Economists and renowned research houses alike are now predicting, with a high degree of certainty, when key capital city markets will begin their price recovery.

2017 11 01 1

During a live Smart Property Investment webcast, which you can view for free here, property experts discussed when the bottom of the price drop cycle would likely happen.

Managing director of BIS Oxford Economics, Robert Mellor, predicted with certainty that the Sydney and Melbourne market is likely to start bottoming out by the September quarter.

This follows similar projections by research house CoreLogic. Head of research at CoreLogic, Tim Lawless, believes markets that have experienced massive drops - like Sydney - will bottom out by the first half of 2020.

There have been several sweeteners for budding buyers in recent weeks. First, the federal government announced plans to allow first home buyers to purchase property with just a 5 per cent deposit.
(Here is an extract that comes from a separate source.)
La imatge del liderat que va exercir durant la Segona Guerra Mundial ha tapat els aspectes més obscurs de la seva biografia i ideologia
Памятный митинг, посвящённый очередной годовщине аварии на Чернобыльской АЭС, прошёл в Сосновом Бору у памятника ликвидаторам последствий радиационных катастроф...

APRA has also put it to lenders in Australia that they won’t need to assess loan serviceability based on an interest rate of 7 per cent.

However, for Mr Mellor, buyers are largely just waiting for the market to settle rather than being spurred on by other incentives.
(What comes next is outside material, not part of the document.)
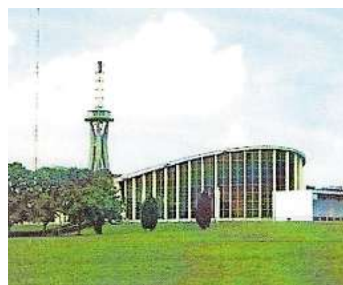
Auf dem Gelände der ehemaligen Sendeanlagen wird gefeiert.

Mitmachzirkus, Artistikshow und Kinderschminken starten zur Mittagszeit. Um 15 Uhr tritt der XXL Kinderchor unter Leitung von Marita Grasmück auf. Zum Ende des Feiertags gibt's ab 19 Uhr Livemusik.

“If prices bottom out in two to four months, investors sitting on the sideline, they will get in. They won’t need the government initiatives. If they see the data in two-three months, see the data is flattening, they will buy,” said Mr Mellor.

A similar sentiment around the property market recovering was echoed by founder and director of Pure Property Investment, Paul Glossop.

However, Mr Glossop stressed that cheaper and easier access to finance will open significant opportunity to budding property investors, particularly if the Reserve Bank cuts rates next week and the lenders follow suit.

“People with the same income are going to be able to afford 10 per cent more on property if the RBA passes on two cuts,” said Mr Glossop.

Mr Mellor added that we are likely to see two rate cuts this year from the Central Bank.